# Me 410 Startup



## Aaron Brooks Wolters (Apr 19, 2014)

This video has a little age on it, but I had not seen it and don't see a posting for it here so.

_View: https://www.youtube.com/watch?v=jAcgUPjb16Q_


----------



## vikingBerserker (Apr 19, 2014)

Very cool! I did not know there was one in running condition.

Any idea why the B-26 had yellow stripes on the wings?


----------



## Aaron Brooks Wolters (Apr 19, 2014)

I didn't know there was one either. I think that these were one of the prettiest sexiest aircraft to come out of Germany during WWII. I have no clue about the yellow stripes on the B-26. Sorry.


----------



## fubar57 (Apr 19, 2014)

Yep, agree with David though I had to go back and watch the video again to see the yellow stripes.

Geo


----------



## Aaron Brooks Wolters (Apr 19, 2014)

It looks like they were in the process of restoring it because the prop is missing off #1 engine. The video was shot at RAF St. Athan Wales in 1988 so both of these aircraft are more than likely in museum nearby. Terry or Gary will know better than I.


----------



## Crimea_River (Apr 20, 2014)

That Me410 is now at the RAF Museum Cosford.

Reactions: Like Like:
1 | Like List reactions


----------



## GrauGeist (Apr 20, 2014)

There's only two left that I am aware of, one in the UK and one in the U.S.

With all the reproductions being made nowdays, it would be awesome to see a Bf110 and a Me410 reproduced!

Great find, Aaron, thanks for sharing


----------



## Airframes (Apr 20, 2014)

Can't see the video, as it's been disabled by you tube.
But the '140 was restored at RAF St.Athan during the 1970's and 1980s, and is now the one in the RAF Museum, Cosford. As far as I know, it's the only complete Me 410 in existence. I was allowed to get some detail shots of it a couple of years ago.
Don't know of any B-26 currently in the UK, or even in the last 30 years. Couldn't see it due to video not being available.


----------



## fubar57 (Apr 20, 2014)

Terry, I couldn't view the video here because it was disabled, but my screen had this option that took me to the youtube site to watch it.







Just wondering if you had the same option

Geo


----------



## Airframes (Apr 20, 2014)

Ah, thanks George! Got it now!
This is the same video posted some time ago, by Grant (Nuumann) I think.
That's not a B-26 in the background - it's possibly a Varsity, can't quite catch the details due to graininess. Looks like it might have yellow and black 'Suez' stripes on the wings.


----------



## Gnomey (Apr 20, 2014)

It just won't play when embedded Terry, works fine on Youtube...

Good video!
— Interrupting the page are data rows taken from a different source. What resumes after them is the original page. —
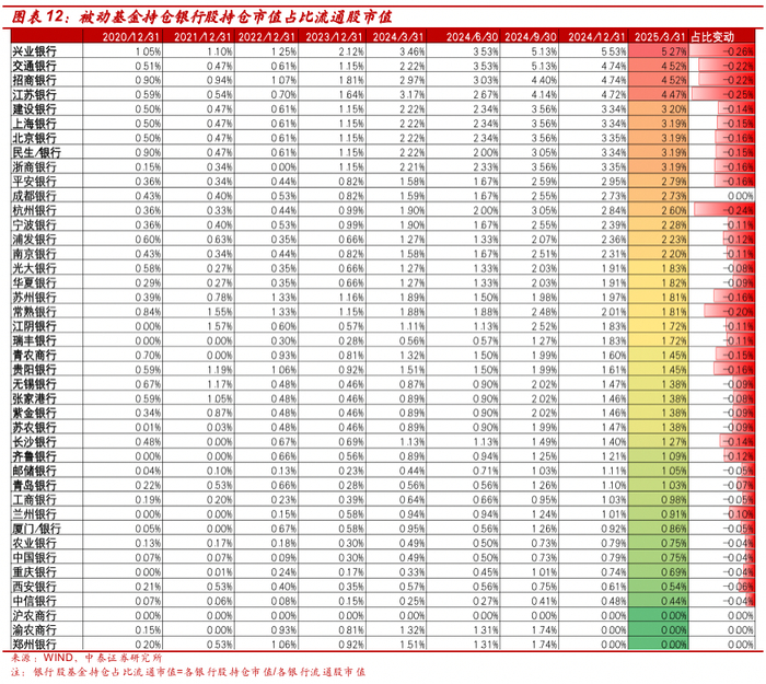 被动基金持仓银行个股占比流通市值:1、排名前五的银行基本没有变化。截止1Q25,被动基金持仓占银行流通股比重前五为兴业、交通、招商、江苏和建设银行,分别占比银行流通股总市值的5.27%、4.52%、4.52%、4.47%、3.20%。2、从基金持仓占流通股比重的变化来看,一季度主要宽基指数规模有一定收缩,因此大部分银行被动基金持仓占比流通市值均有一定幅度的下降。
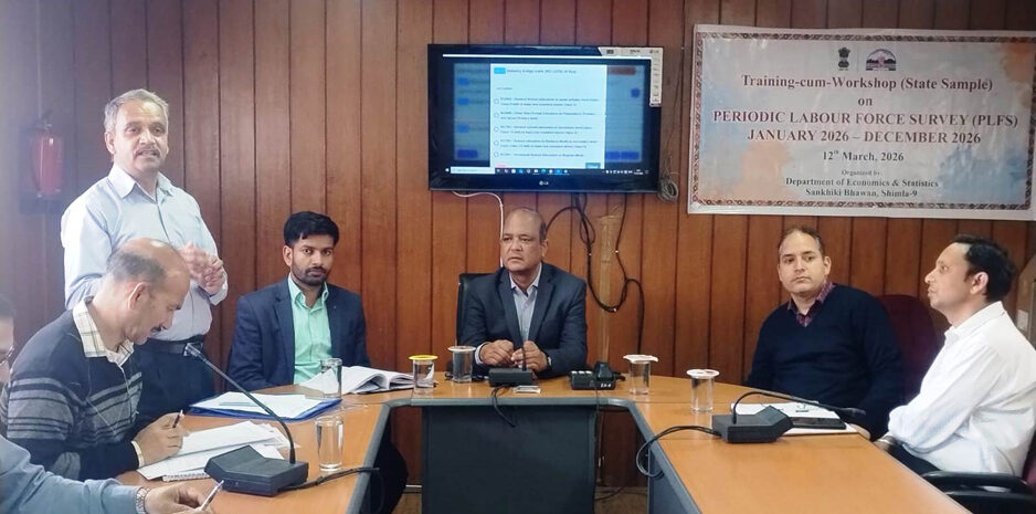 शिमला: आर्थिक एवं सांख्यिकी विभाग द्वारा आवधिक श्रम बल सर्वेक्षण (पीएलएफएस) के अंतर्गत क्षेत्रीय कार्मिकों के लिए आज शिमला में दो दिवसीय राज्य स्तरीय कार्यशाला का आयोजन किया गया। यह कार्यशाला सांख्यिकी एवं कार्यक्रम कार्यान्वयन मंत्रालय भारत सरकार के दिशा-निर्देशों के अनुरूप आयोजित की गई।
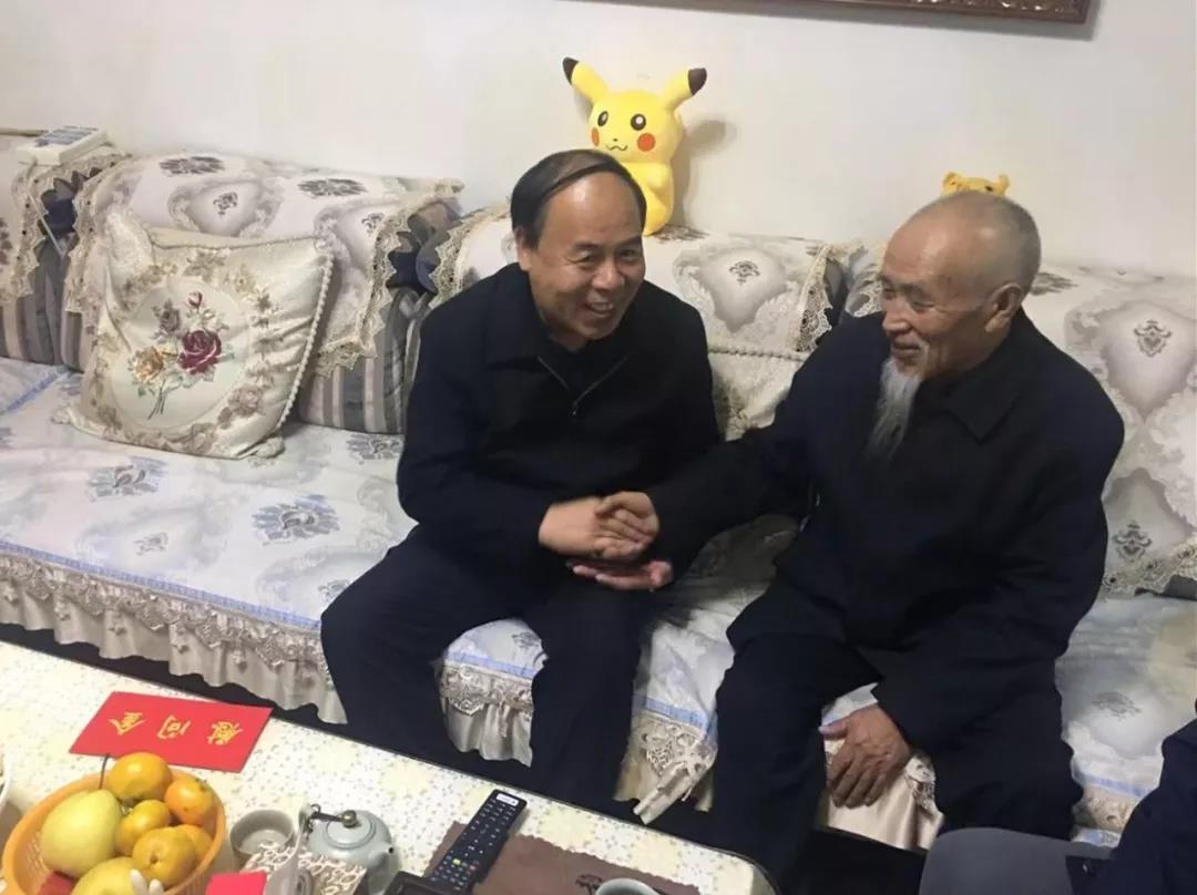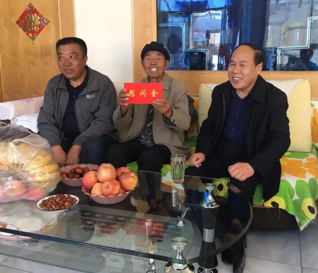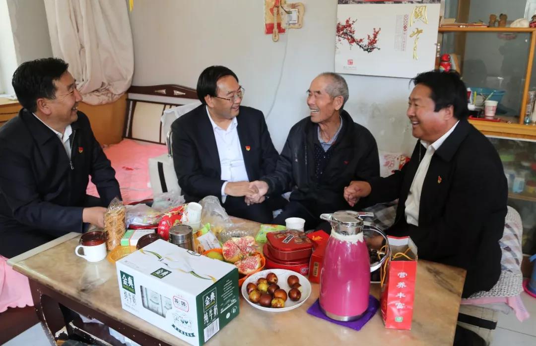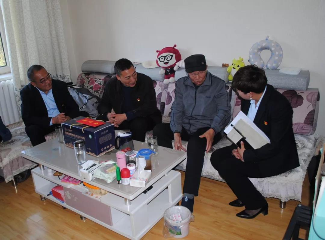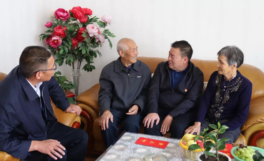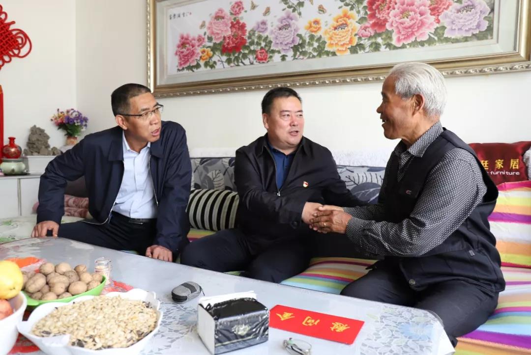 圖為集團(tuán)公司黨委副書記祁生珠到青墾大廈退休老黨員曹積占家中走訪慰問(wèn)。

Thanks for sharing.


----------



## Aaron Brooks Wolters (Apr 20, 2014)

If you click on the YouTube button at the bottom right of the youtube screen it will go to the youtube sight and you can watch it there.


----------



## GrauGeist (Apr 21, 2014)

Works fine for me, I'm running firefox at the moment...not sure why others can't see it...


----------



## Airframes (Apr 21, 2014)

Watched it on the you tube site, as directed by George, by clicking on the suggestion on screen.


----------



## GrauGeist (Apr 21, 2014)

Airframes said:


> Watched it on the you tube site, as directed by George, by clicking on the suggestion on screen.


----------



## Wayne Little (Apr 22, 2014)

Cool, had to click to go to youtube too...


----------



## Aaron Brooks Wolters (Apr 22, 2014)

I love the way the the superchargers sound on this plane!


----------